Leave the pictures out. Retype exactly the lines below from the one containing "Очаровательный слоненок из" through the one containing "Rund pudderdåse med", and no others.

[[ Input data open ]]

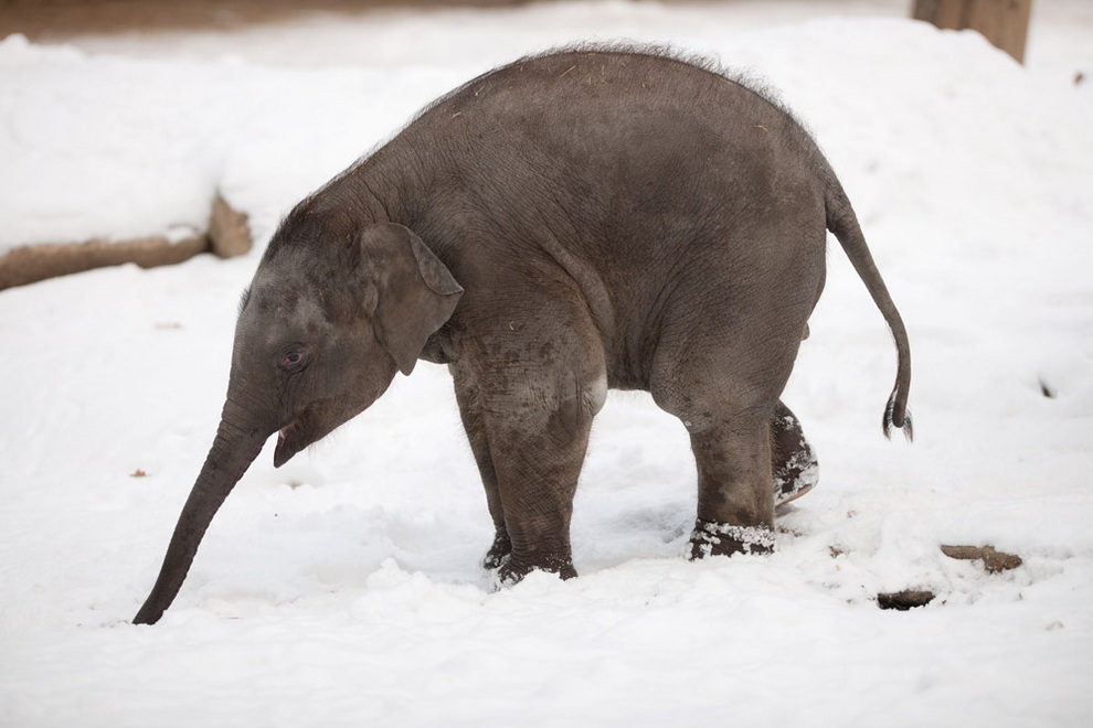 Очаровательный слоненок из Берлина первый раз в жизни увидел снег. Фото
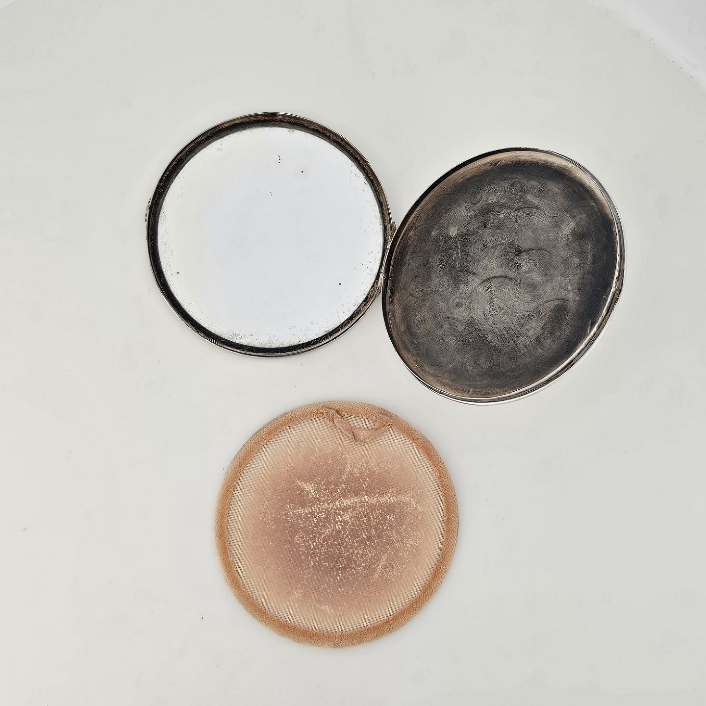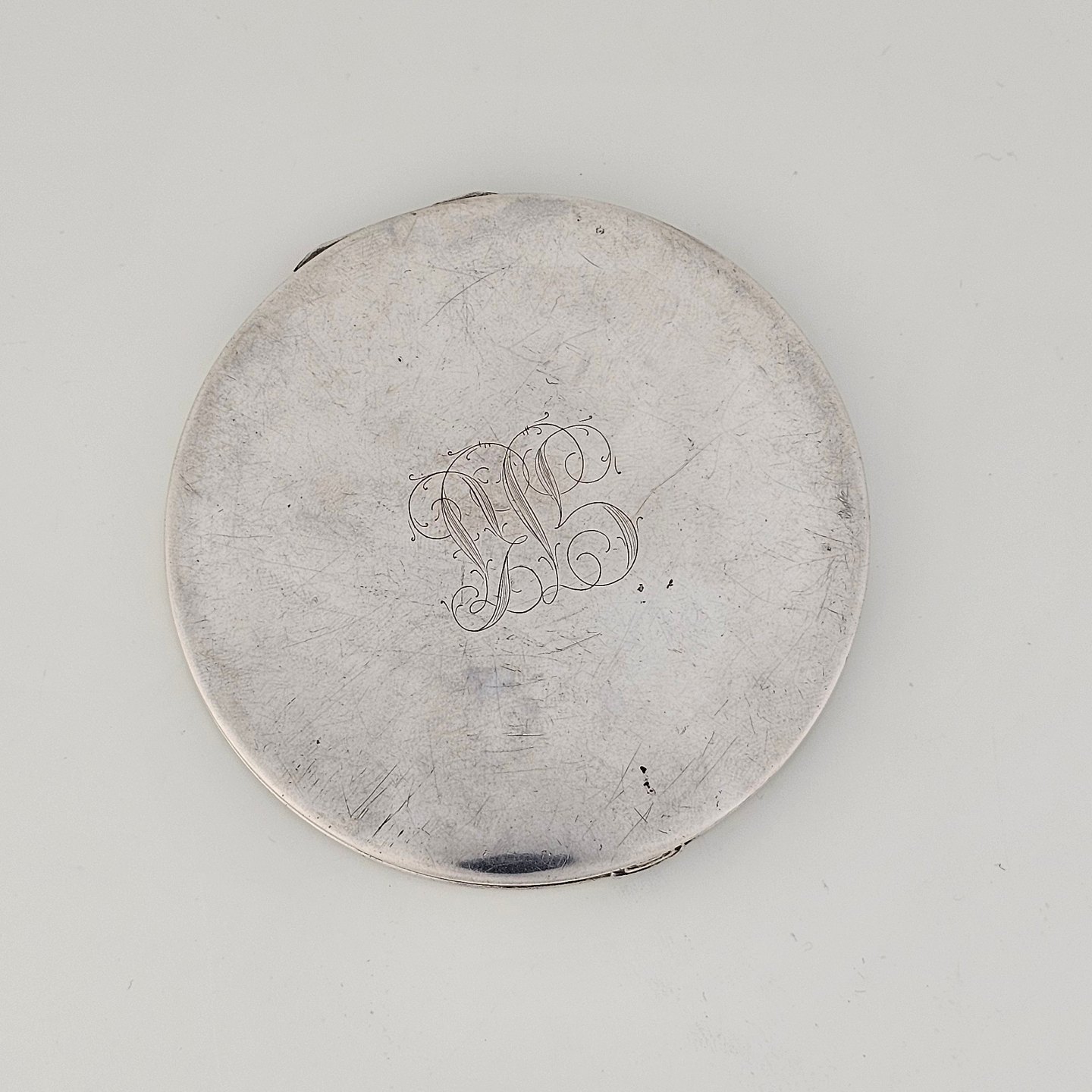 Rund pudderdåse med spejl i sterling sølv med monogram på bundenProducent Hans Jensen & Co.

[[ Input data closed ]]
[[ Input data open ]]

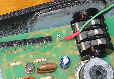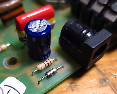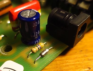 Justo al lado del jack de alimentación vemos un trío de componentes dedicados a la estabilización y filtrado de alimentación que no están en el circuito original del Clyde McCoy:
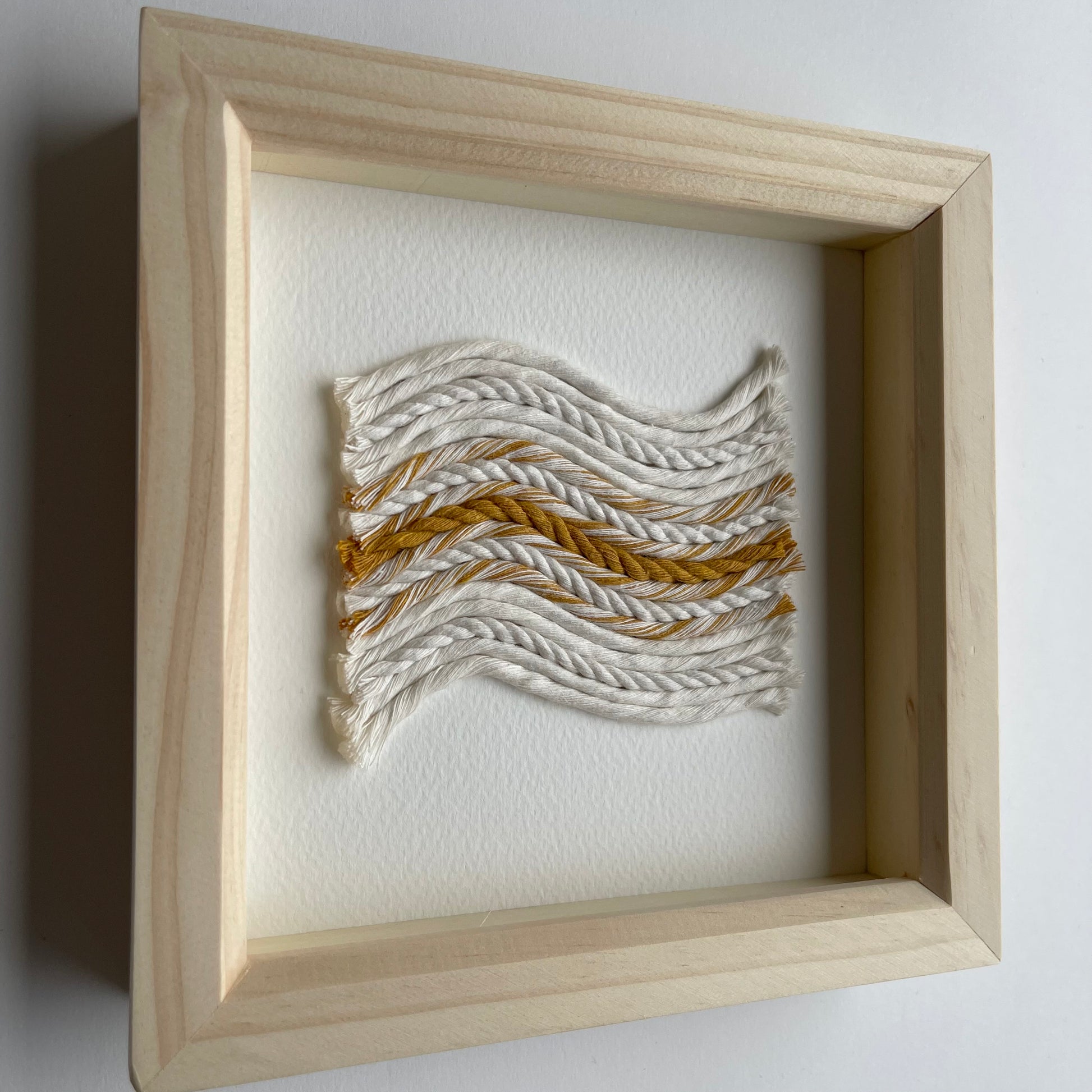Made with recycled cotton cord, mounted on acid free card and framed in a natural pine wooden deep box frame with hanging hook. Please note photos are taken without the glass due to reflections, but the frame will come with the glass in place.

[[ Input data closed ]]

■ Exercise solution:
 Очаровательный слоненок из Берлина первый раз в жизни увидел снег. Фото
 Rund pudderdåse med spejl i sterling sølv med monogram på bundenProducent Hans Jensen & Co.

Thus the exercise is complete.